President Odegaard was preceded in death by his wife, Elizabeth J. Ketchum Odegaard, who died in 1980. He is survived by his daughter, Mary Ann Odegaard Quarton (a lecturer in marketing and international business at the UW School of Business), her husband, Bruce Roderick Quarton; four grandchildren, Charles August Kriewall (a 1999 UW graduate), Jonathan Cord Kriewall, (a UW freshman), Anne Katharine Quarton and Bradley Robert Quarton; three nieces, Mary Jane Carey, Linda Carey Hughes and Elizabeth Debevoise Staz; a nephew, N. Thomas Debevoise; a cousin, Mary Cord Mason; grandnephews Paul, Timothy, Patrick and Daniel McShane and Thomas Hughes, and grandnieces Hannah and Eva Hughes.

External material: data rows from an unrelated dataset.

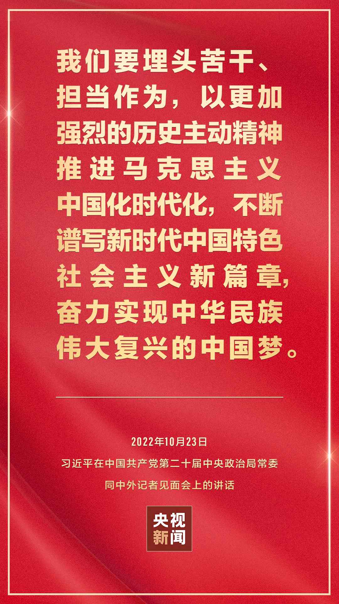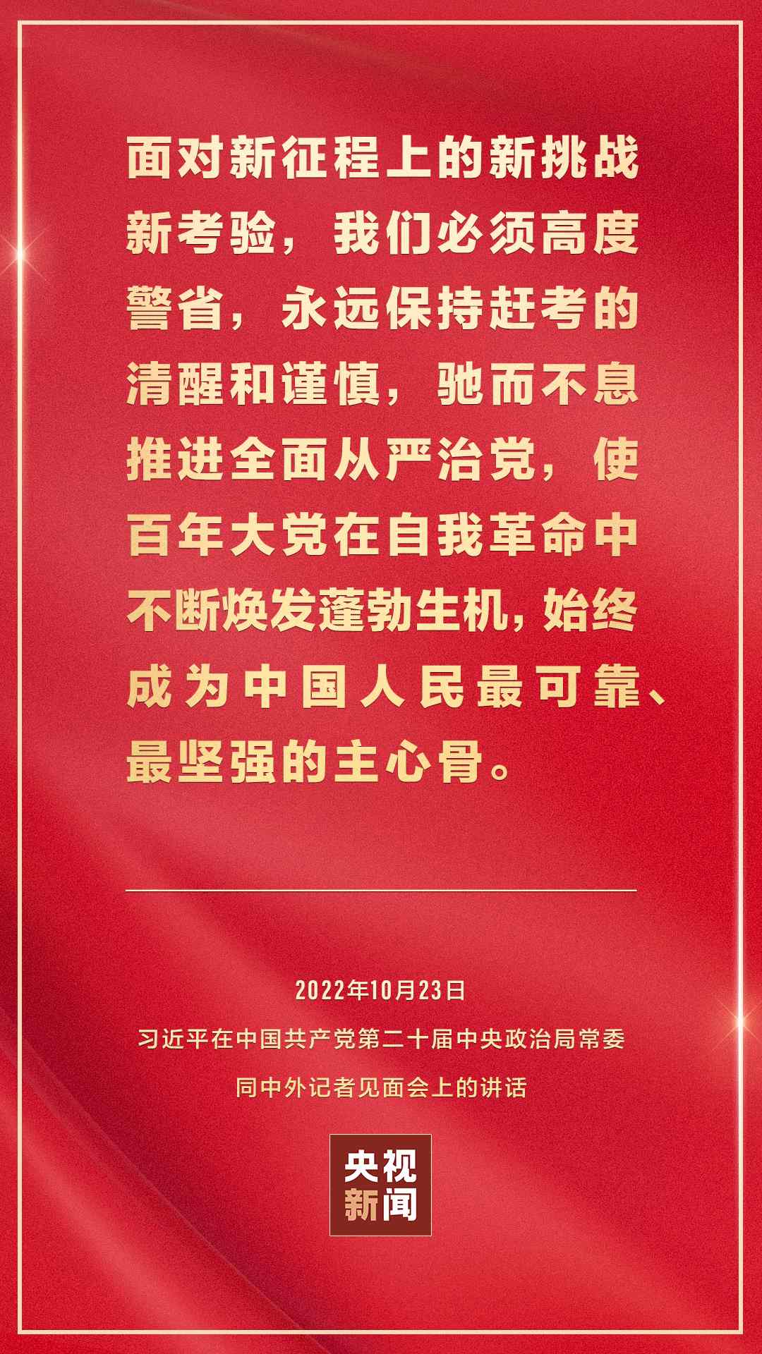 在中國共產(chǎn)黨第二十屆中央委員會第一次全體會議上當(dāng)選的中共中央總書記習(xí)近平和中共中央政治局常委李強(qiáng)、趙樂際、王滬寧、蔡奇、丁薛祥、李希,23日中午在人民大會堂同采訪中共二十大的中外記者見面。習(xí)近平發(fā)表重要講話。
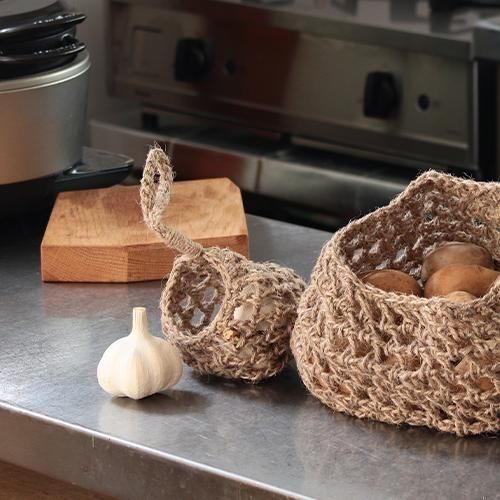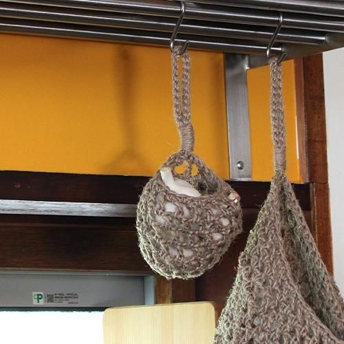 にんにくや玉ねぎなどの常備野菜を通気良く収納でき、キッチンに吊るすだけで 心地よいナチュラルな雰囲気を添えてくれます。
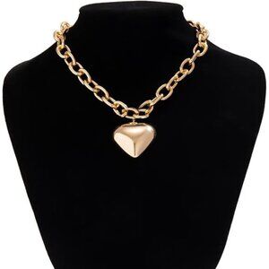 Chunky Heart Necklace Statement Necklace with Big Puffy Heart Gold Tone Fashion Jewelry:
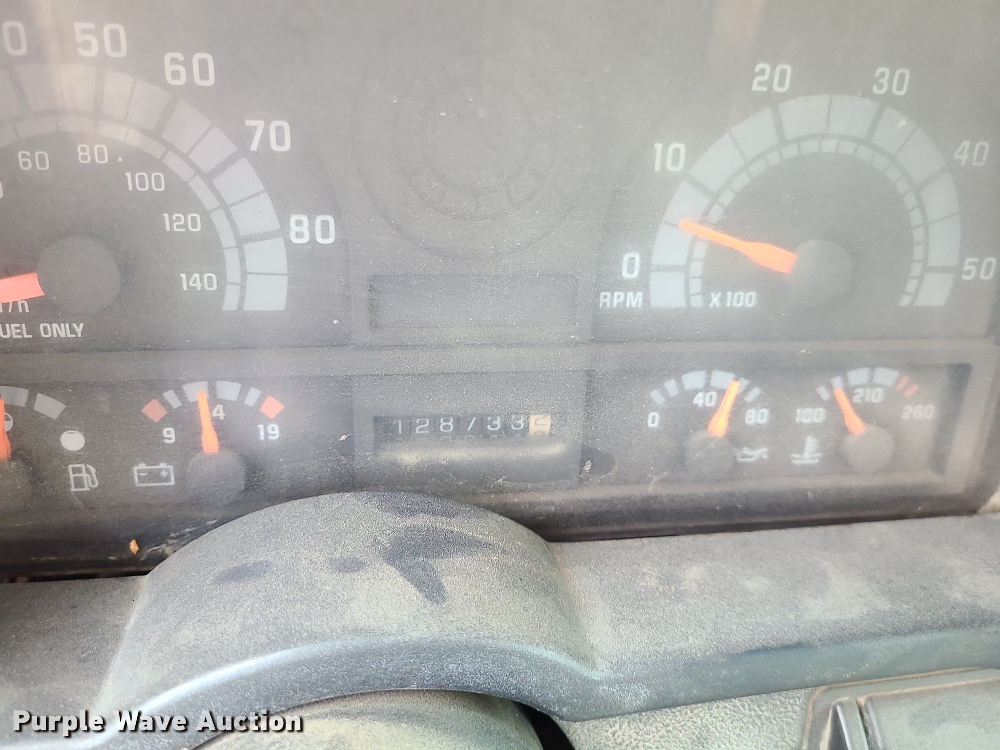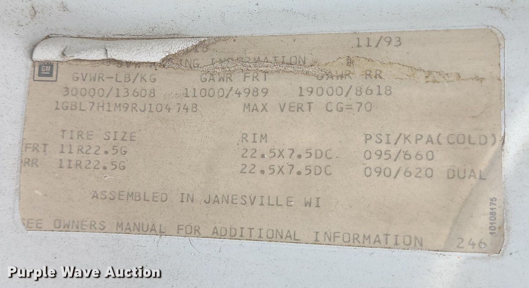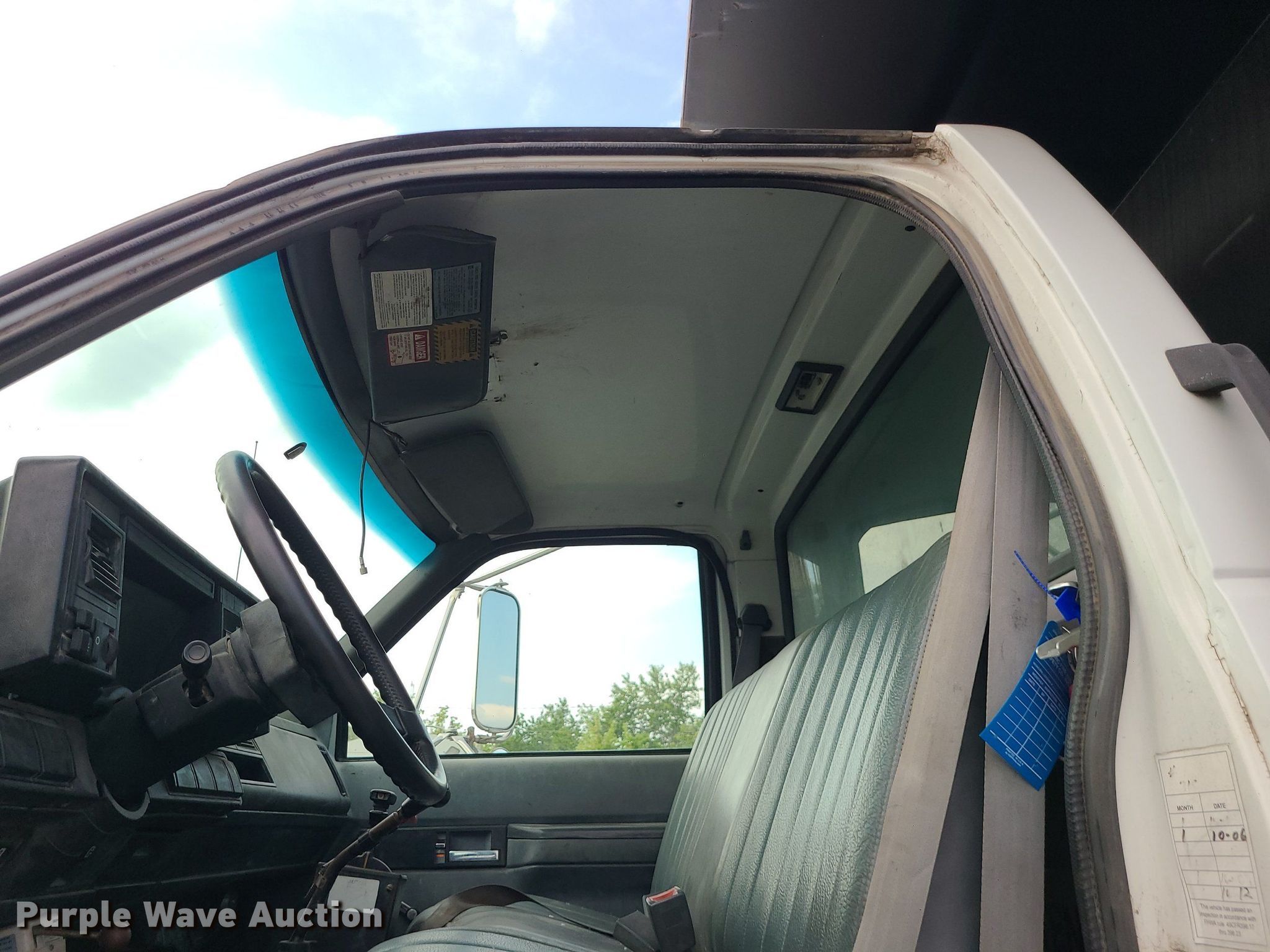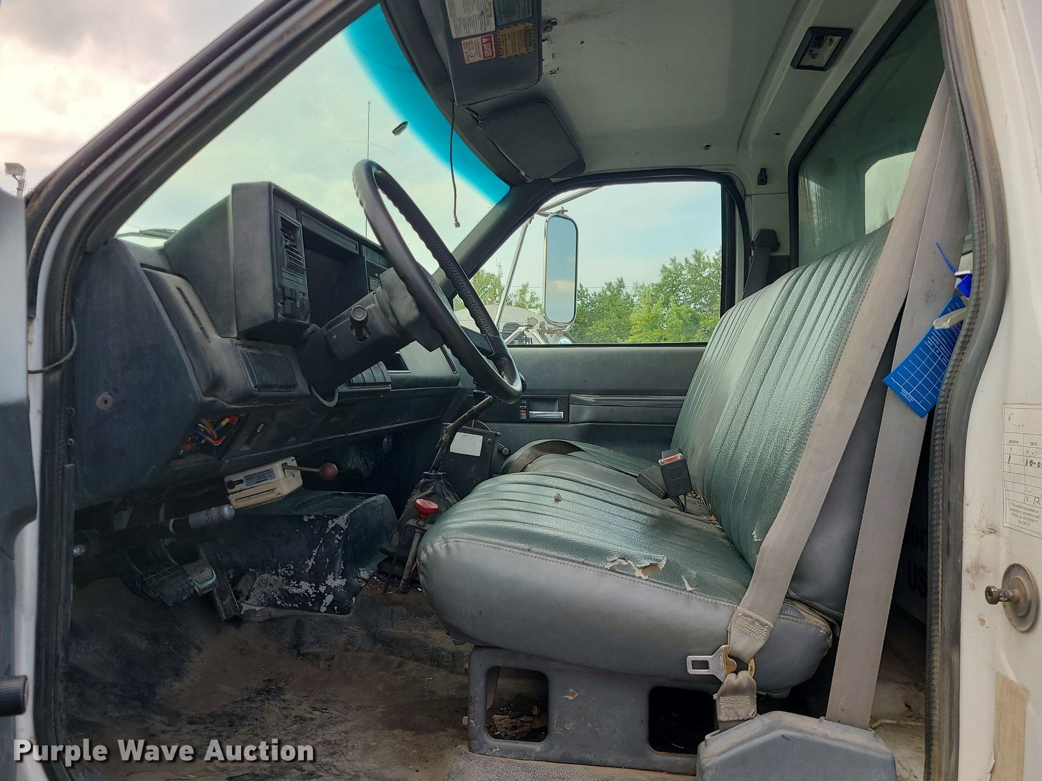 1994 Chevrolet 6500 Kodiak dump truck. Miles: 128,733 on odometer, VIN: 1GBL7H1M9RJ104748. Engine Displacement: 7.0L, Cylinders: 8, Fuel type: Gas. Transmission Manual, Speed: 5, plus 2. Chassis Axles: Single, Suspension: Spring, Brakes: Hydraulic, PTO, GVWR: 30,000 lbs FAWR: 11,000 lbs, RAWR: 19,000 lbs. Interior Heat. Features Dump bed 10' L x 96" W, Side height: 26", Side board height: 9", Bed type: Steel, Roll tarp, Ram: Single , End gate: Manual. Tires Size: 10.00R20. Missouri title. Title distribution may be delayed up to 14 days from verification of funds. Seal-O-Matic Paving. 2601 Northwest Tullison Road. Riverside, MO 64150
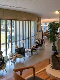 This place catches the eye with its graceful curved exterior built along the lawn line, but once you step inside, you will discover an even more wonderful space where nature, rest, and people come together.
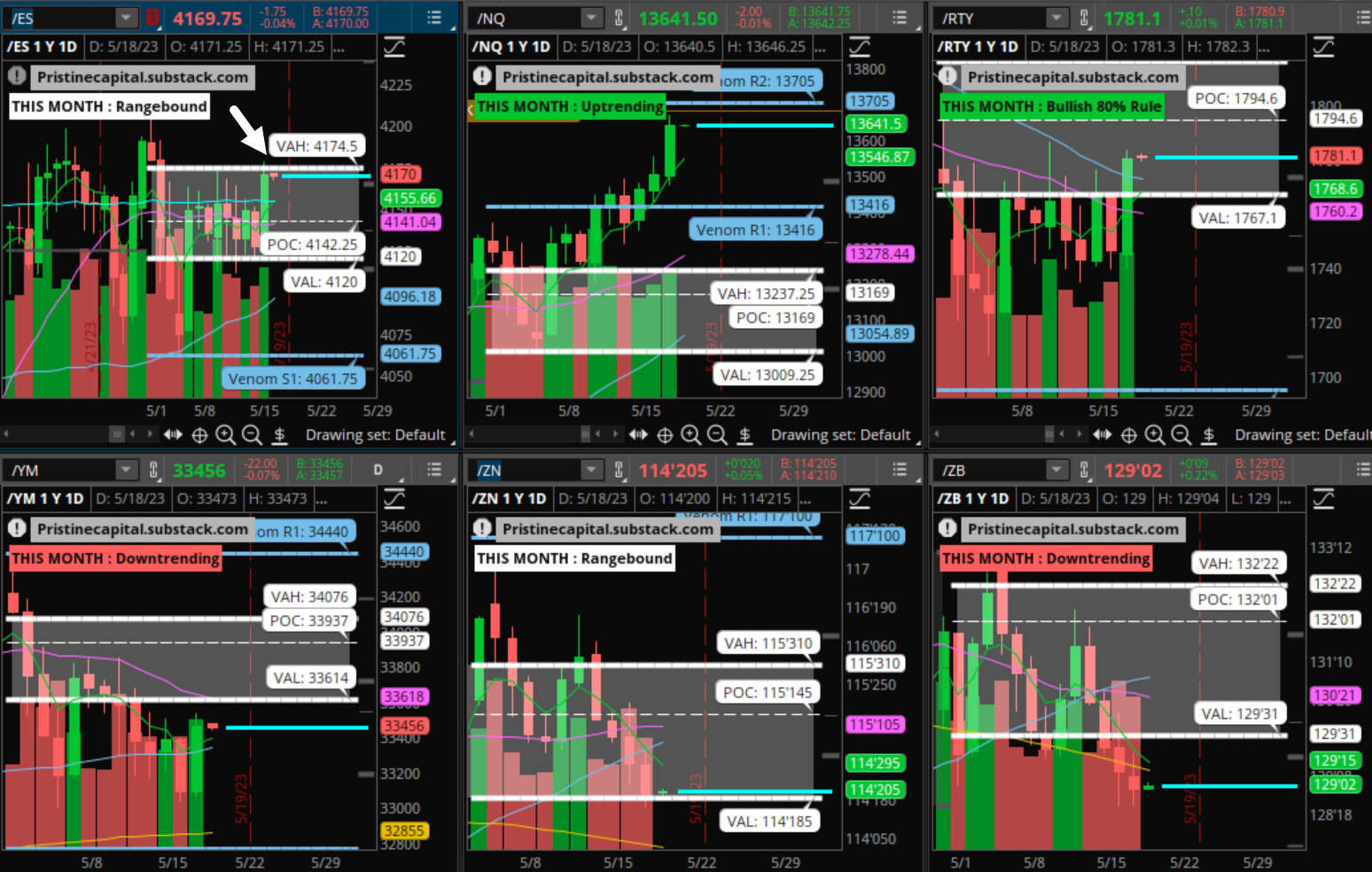 Every index looks completely different. ES is flirting with a breakout from the monthly value area, while the NQ is approaching the R2 pivot from the monthly value and is in overbot territory. The RTY Russell 2000 was today’s outperformer and just broke back inside of the monthly value area.

“If it is possible to ascribe to a single individual credit for the rise to prominence of this great university, that person would be Charles Odegaard. His leadership and vision, his character and personality were a perfect match for accomplishing the higher education ambtions of the people of our state and region. He influenced generations of students and faculty, and he is fondly remembered by many friends, admirers, colleagues and alumni. He was a great leader, and this university will miss him.”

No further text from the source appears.